┌──
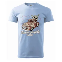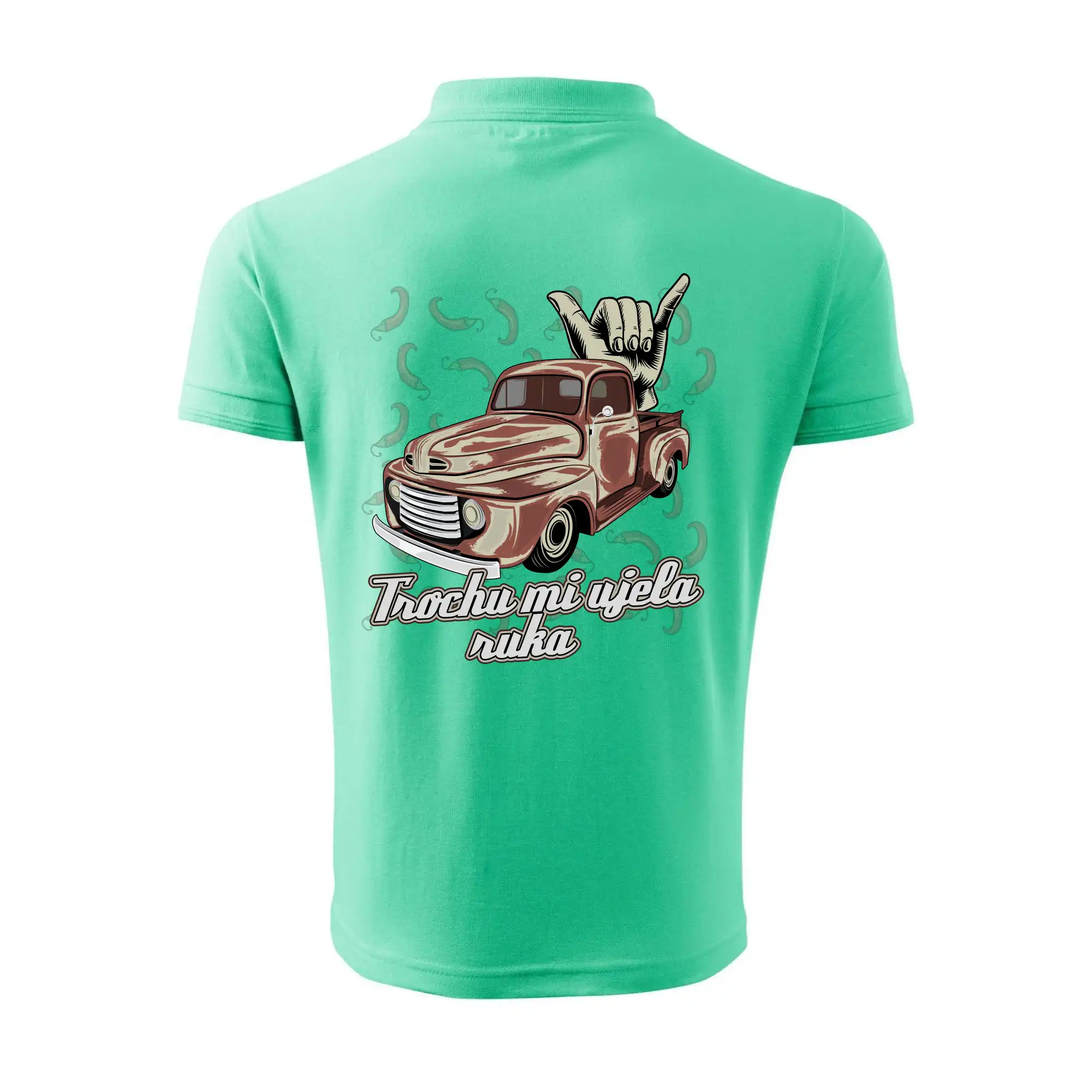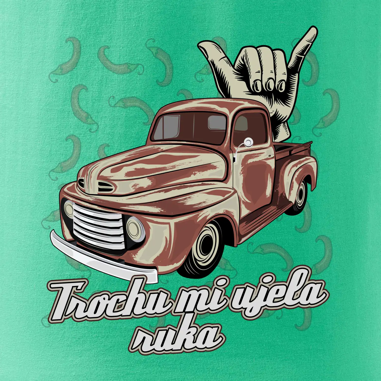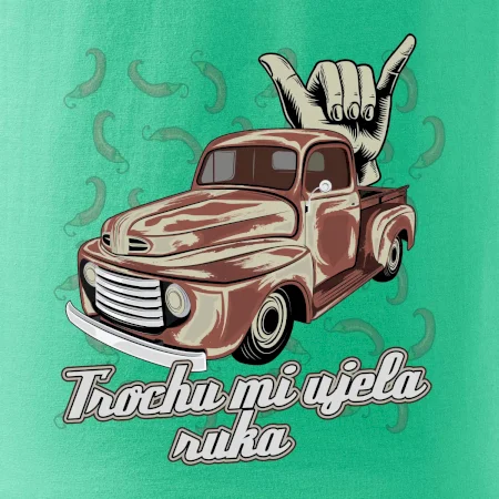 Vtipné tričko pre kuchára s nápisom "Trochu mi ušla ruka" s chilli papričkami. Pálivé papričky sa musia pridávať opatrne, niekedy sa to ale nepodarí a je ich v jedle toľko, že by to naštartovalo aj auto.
└──
┌──
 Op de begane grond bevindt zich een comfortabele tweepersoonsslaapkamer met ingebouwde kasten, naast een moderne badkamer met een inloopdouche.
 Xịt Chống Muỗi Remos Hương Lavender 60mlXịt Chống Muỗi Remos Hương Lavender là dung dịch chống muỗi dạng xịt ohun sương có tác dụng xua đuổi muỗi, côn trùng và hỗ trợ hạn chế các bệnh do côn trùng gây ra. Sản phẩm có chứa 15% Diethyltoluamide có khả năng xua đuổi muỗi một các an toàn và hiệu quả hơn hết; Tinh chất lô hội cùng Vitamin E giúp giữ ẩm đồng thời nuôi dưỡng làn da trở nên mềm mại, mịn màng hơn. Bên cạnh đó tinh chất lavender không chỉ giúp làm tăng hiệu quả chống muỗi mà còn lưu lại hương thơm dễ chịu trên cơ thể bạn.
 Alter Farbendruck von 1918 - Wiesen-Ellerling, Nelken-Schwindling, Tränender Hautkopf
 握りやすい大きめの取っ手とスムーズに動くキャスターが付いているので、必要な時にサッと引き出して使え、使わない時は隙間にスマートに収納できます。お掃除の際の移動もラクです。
└──
-- Activity --
In the data above, find the line that contains "Alter Farbendruck von" and the line that contains "握りやすい大きめの取っ手とス". Repeat exactly those lines and every line between them, and only those.

-- Result below --
 Alter Farbendruck von 1918 - Wiesen-Ellerling, Nelken-Schwindling, Tränender Hautkopf
 握りやすい大きめの取っ手とスムーズに動くキャスターが付いているので、必要な時にサッと引き出して使え、使わない時は隙間にスマートに収納できます。お掃除の際の移動もラクです。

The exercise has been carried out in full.